Thirty-seven samples from human tumor (schwannomas) tissues were obtained at the time of surgery in accordance with applicable human ethics regulations (USC IRB protocol # 97–157) and snap frozen in liquid nitrogen. Tumor specimens were divided into two groups (young and old) according to the patient's age of onset. The young-onset group included 21 specimens from patients whose age of onset was less than 16 years old (ranging from 7 to 16 years old). The old-onset group included 16 specimens from patients whose age of onset was 30 years and older (ranging from 30 to 67 years old). The average age of the young group was 12 years old. The average age of the old group was 43 years. RNA was extracted and cRNA were hybridized to Human Genome U133 Plus 2.0 Array (Affymetrix) for analysis of over 47,000 transcripts. The detailed protocol for the sample preparation and microarray processing is available from Affymetrix at http://www.affymetrix.com (Santa Clara, CA, USA).
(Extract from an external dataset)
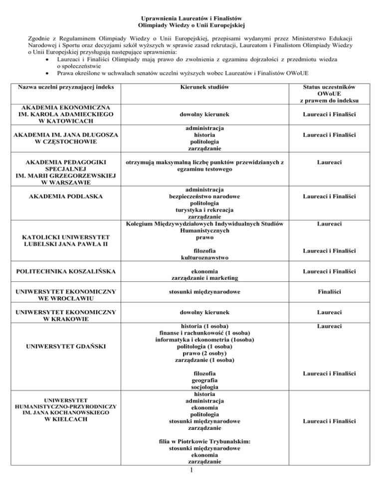Uprawnienia Laureatów i Finalistów Olimpiady Wiedzy o Unii Europejskiej Zgodnie z Regulaminem Olimpiady Wiedzy o Unii Europejskiej, przepisami wydanymi przez Ministerstwo Edukacji Narodowej i Sportu oraz decyzjami szkół wyższych w sprawie zasad rekrutacji, Laureatom i Finalistom Olimpiady Wiedzy o Unii Europejskiej przysługują następujące uprawnienia: Laureaci i Finaliści Olimpiady mają prawo do zwolnienia z egzaminu dojrzałości z przedmiotu wiedza o społeczeństwie Prawa określone w uchwałach senatów uczelni wyższych wobec Laureatów i Finalistów OWoUE Nazwa uczelni przyznającej indeks Kierunek studiów Status uczestników OWoUE z prawem do indeksu AKADEMIA EKONOMICZNA IM. KAROLA ADAMIECKIEGO W KATOWICACH dowolny kierunek Laureaci i Finaliści AKADEMIA IM. JANA DŁUGOSZA W CZĘSTOCHOWIE administracja historia politologia zarządzanie AKADEMIA PEDAGOGIKI SPECJALNEJ IM. MARII GRZEGORZEWSKIEJ W WARSZAWIE AKADEMIA PODLASKA KATOLICKI UNIWERSYTET LUBELSKI JANA PAWŁA II otrzymują maksymalną liczbę punktów przewidzianych z egzaminu testowego administracja bezpieczeństwo narodowe politologia turystyka i rekreacja zarządzanie Kolegium Międzywydziałowych Indywidualnych Studiów Humanistycznych prawo Laureaci i Finaliści Laureaci Laureaci i Finaliści Laureaci filozofia kulturoznawstwo Laureaci i Finaliści POLITECHNIKA KOSZALIŃSKA ekonomia zarządzanie i marketing Laureaci i Finaliści UNIWERSYTET EKONOMICZNY WE WROCŁAWIU stosunki międzynarodowe Finaliści UNIWERSYTET EKONOMICZNY W KRAKOWIE dowolny kierunek Laureaci historia (1 osoba) finanse i rachunkowość (1 osoba) informatyka i ekonometria (1osoba) politologia (1 osoba) prawo (2 osoby) zarządzanie (1 osoba) Laureaci filozofia geografia socjologia historia administracja ekonomia politologia stosunki międzynarodowe zarządzanie Laureaci i Finaliści UNIWERSYTET GDAŃSKI UNIWERSYTET HUMANISTYCZNO-PRZYRODNICZY IM. JANA KOCHANOWSKIEGO W KIELCACH filia w Piotrkowie Trybunalskim: stosunki międzynarodowe ekonomia zarządzanie 1 Laureaci i Finaliści UNIWERSYTET IM. ADAMA MICKIEWICZA W POZNANIU UNIWERSYTET JAGIELLOŃSKI UNIWERSYTET KARDYNAŁA STEFANA WYSZYŃSKIEGO W WARSZAWIE europeistyka politologia dziennikarstwo i komunikacja społeczna stosunki międzynarodowe politologia (Collegium Polonicum w Słubicach, Kolegium Europejskie w Gnieźnie, Kolegium w Kościanie, Ośrodek zamiejscowy w Ostrowie Wlk., Filia UAM w Pile) Międzykierunkowe Indywidualne Studia Humanistyczne (Kolegium Europejskie w Gnieźnie) filologia węgierska studia biologiczno-geograficzne europeistyka (studia stacjonarne i niestacjonarne I stopnia) europeistyka (niemcoznawstwo I stopnia) Wydział Teologiczny Wydział Prawa Kanonicznego historia (5 osób) politologia (5 osób) socjologia (5 osób) stosunki międzynarodowe UNIWERSYTET KAZIMIERZA WIELKIEGO W BYDGOSZCZY UNIWERSYTET ŁÓDZKI UNIWERSYTET MARII CURIE-SKŁODOWSKIEJ UNIWERSYTET MIKOŁAJA KOPERNIKA UNIWERSYTET OPOLSKI UNIWERSYTET PEDAGOGICZNY IM. KOMISJI EDUKACJI NARODOWEJ W KRAKOWIE administracja dziennikarstwo i komunikacja społeczna historia politologia stosunki międzynarodowe europeistyka Laureaci Laureaci Laureaci i Finaliści Laureaci Laureaci i Finaliści Laureaci i Finaliści zwolnienie z częściowego postępowania kwalifikacyjnego na inne kierunki, zobowiązani są do złożenia egzaminu z wybranego języka obcego studia filozoficzno-historyczne politologia stosunki międzynarodowe dziennikarstwo i komunikacja społeczna Laureaci Międzywydziałowe Indywidualne Studia Humanistyczne Laureaci Finaliści co najmniej dwóch wymienionych przez UMCS olimpiad Laureaci archiwistyka i zarządzanie dokumentacją historia Międzywydziałowe Indywidualne Studia Humanistyczne politologia dziennikarstwo i komunikacja społeczna Laureaci socjologia ( 3 osoby) stosunki międzynarodowe (3 osoby, w przypadku większej liczby kandydatów – wyższa liczba punktów na świadectwie dojrzałości z przedmiotów branych pod uwagę w postępowaniu kwalifikacyjnym) Laureaci i Finaliści politologia stosunki międzynarodowe Laureaci administracja pedagogika pedagogika specjalna politologia praca socjalna stosunki międzynarodowe UNIWERSYTET RZESZOWSKI historia prawo 2 Laureaci i Finaliści Laureaci i Finaliści UNIWERSYTET SZCZECIŃSKI UNIWERSYTET ŚLĄSKI UNIWERSYTET WARMIŃSKO-MAZURSKI W OLSZTYNIE UNIWERSYTET WARSZAWSKI UNIWERSYTET W BIAŁYMSTOKU europeistyka (Wydział Humanistyczny-1 osoba) politologia (1osoba) Laureaci pedagogika (wszystkie specjalności) prawo ekonomia finanse i rachunkowość informatyka i ekonometria zarządzanie Laureaci i Finaliści Najwyższa ilość punktów uzyskana z WOS-u (w algorytmie „W”) na kierunkach realizowanych na Wydziale Zarządzania i Ekonomiki Usług Laureaci i Finaliści Międzywydziałowe Indywidualne Studia Humanistyczne Laureaci (do 6 miejsca) geografia geologia geologia (spec. geofizyka) pedagogika (Cieszyn) informacja naukowa i bibliotekarstwo Laureaci i Finaliści politologia socjologia Laureaci i Finaliści (do 5% limitu przyjęć, o przyjęciu decyduje zajęte miejsce w Olimpiadzie) zarządzanie i marketing Laureaci dziennikarstwo i komunikacja społeczna historia nauki o rodzinie prawo politologia stosunki międzynarodowe teologia dziennikarstwo i komunikacja społeczna fizyka astronomia geografia gospodarka przestrzenna etnologia kulturoznawstwo matematyka filologia polska filologia nowogrecka studia międzykierunkowe Laureaci i Finaliści politologia bezpieczeństwo wewnętrzne polityka społeczna europeistyka stosunki międzynarodowe informacja naukowa i bibliotekoznawstwo informatyka profilaktyka społeczna i resocjalizacja praca socjalna Laureaci i Finaliści historia socjologia stosunki międzynarodowe pedagogika zarządzanie organizacjami publicznymi zarządzanie przedsiębiorstwem 3 Laureaci Laureaci i Finaliści UNIWERSYTET WROCŁAWSKI UNIWERSYTET ZIELONOGÓRSKI administracja ekonomia europeistyka filozofia historia politologia prawo stos
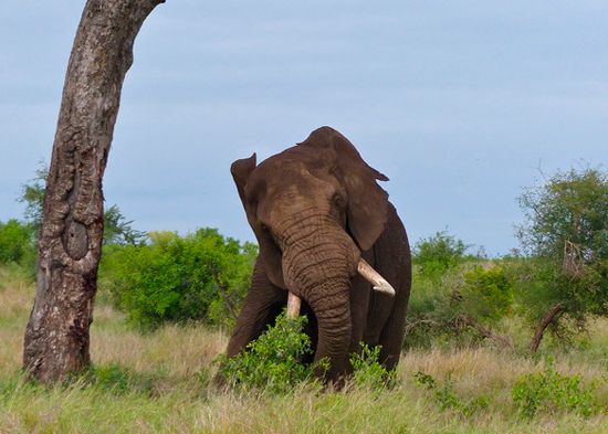 Pese a que su cuidador intenta apartar al animal en repetidas ocasiones, el elefante no ceja en su empeño y el tejado de la estructura quedó seriamente afectado. Finalmente, el animal retrocede y abandona el lugar.

For real-time PCR, total RNA was extracted and RT-qPCR was performed in the DNA Engine Opticon 2 Continuous Fluorescence Detection System (Bio-Rad, Hercules, CA, USA).
The Bioconductor limma package  was used to preprocess the expression data from Human Genome U133 Plus 2.0 Affymetrix Array. To remove batch effects, the complete dataset were normalized by RMA. Before doing statistical analysis, we filter the probe sets by present/absent calls using the Wilcoxon signed rank-based algorithm. Out of 54,675 probes, 42,339 were kept and the remaining ones were removed as ‘Absent’ to reduce false positive rate. We identified differentially expressed gene list by fitting linear models to the normalized expression values. The empirical Bayes shrinkage was applied to t statistics using the limma package in Bioconductor. Because patient subtypes were still observed after RMA normalization, balanced samples from the same subtype were selected to identify significantly differentially expressed genes and to reduce the potential of small-sample artifacts. In general, selected genes have greater than 1.5 fold change and less than 0.01 p value.
The analysis of RT-PCR is as follows: Sample RNA was processed in triplicate with serial dilutions of Human Universal Reference RNA (Stratagene, La Jolla, CA, USA) on the same 96-well plate. Standard curves were constructed from the Universal RNA wells with arbitrary units of 1 unit equivalent to 1 pg of Universal RNA. Results were plotted as units per nanogram of RNA. Graphically, the middle line of the bar represents mean, bar size corresponds to the difference between lower quartile and upper quartile, and error bars represent the range of the raw data. t test p values were calculated for each differentiating gene.
Ethical conduct of research
The authors state that they have obtained the University of Southern California institutional review board approval and have followed the principles outlined in the Declaration of Helsinki for all human experimental investigations. In addition, informed consent has been obtained from the participants involved.